What is the situation as to a right of redemption from the sale of 1900, or the sale of 1901, if there was a sale that year? As held in Cole v. Lamm, supra, the sale for 1900 was controlled as to the redemption period provided for at the time such sale was made, and the period of redemption existing at such time became an assured right between the landowner .and the state, which could not be taken from him. What was the redemption period provided for by law in 1900? Laws 1893, p. 167, c. 58, incorporated into the 1894 Statutes as sections 1657 to 1661. was in force in the year 1900, and until the enactment of Laws 1902, p. 1, e. 2. Under this law the time for redemption of land bid in by the state at a taxi sale did not expire as to the state until 60 days after giving notice of expiration of the time. The 1902 law seems to have repealed this requirement, but, by its terms, it did not affect any rights accrued under prior laws. Laws 1905, p. 406, c. 270, § 1, again made it necessary to give notice. of expiration as to tax sales made to the state. G. S. 1913, § 2149. It follows that by the law in force at the time the tax sale of 1900 was made, which sale we -must presume, for reasons before stated, was made to the state, the time for redemption did not expire until 60 days after notice was given. This applies also to the sale of 1901, if the property was sold that year for delinquent taxes. The landowner, as said in Cole v.. Lamm, supra, “might thereafter go his way, relying upon the assurance of the law that he would not be deprived of the title to his property until notice had been given and the additional time to redeem had expired” thereunder.
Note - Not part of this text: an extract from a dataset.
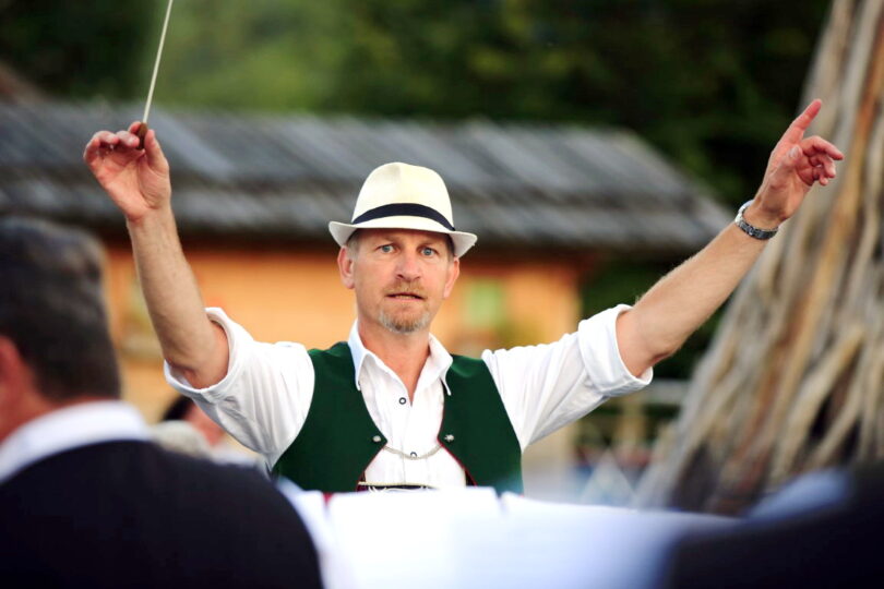 Vergangenen Dienstag war es dann soweit: Das letzte Standkonzert der Blaskapelle Übersee-Feldwies fand an der großen Hütte des Almhüttendorfes „Almdorado“ statt. Bei sommerlichen Temperaturen und Sonnenschein konnten wir das letzte Standkonzert der Saison und somit auch das von Dirigent Thomas Lindlacher abhalten. Musikalisch war für jeden etwas dabei – auf dem Programm standen Märsche, Polkas und auch flottere Stücke wie Paso Doble. Abgerundet wurde der Abend mit den Stücken „Badonviller Marsch“ und „Berliner Luft“.

In our opinion, the case is not to be distinguished from Cole v. Lamm, supra. The legislature could not deprive the 'landowner of his vested right to be notified of the expiration of the redemption period, and to 60 days thereafter in which to redeem. The suggestion that the right given to the landowner by section 3 of the act to “redeem” at any time before the sale, is a substitute for the right to redeem from the sale, is answered by the decision in Cole v. Lamm. This was no new right.

Our conclusion is that it was necessary to give notice of the expiration *351of the time for redemption from a sale made under Laws 1913, p. 781, c. 543, and that redemption might be made within 60 days thereafter.

We do not decide as to the constitutionality of the law. It is rather a curious piece of legislation.

Order reversed and new trial granted.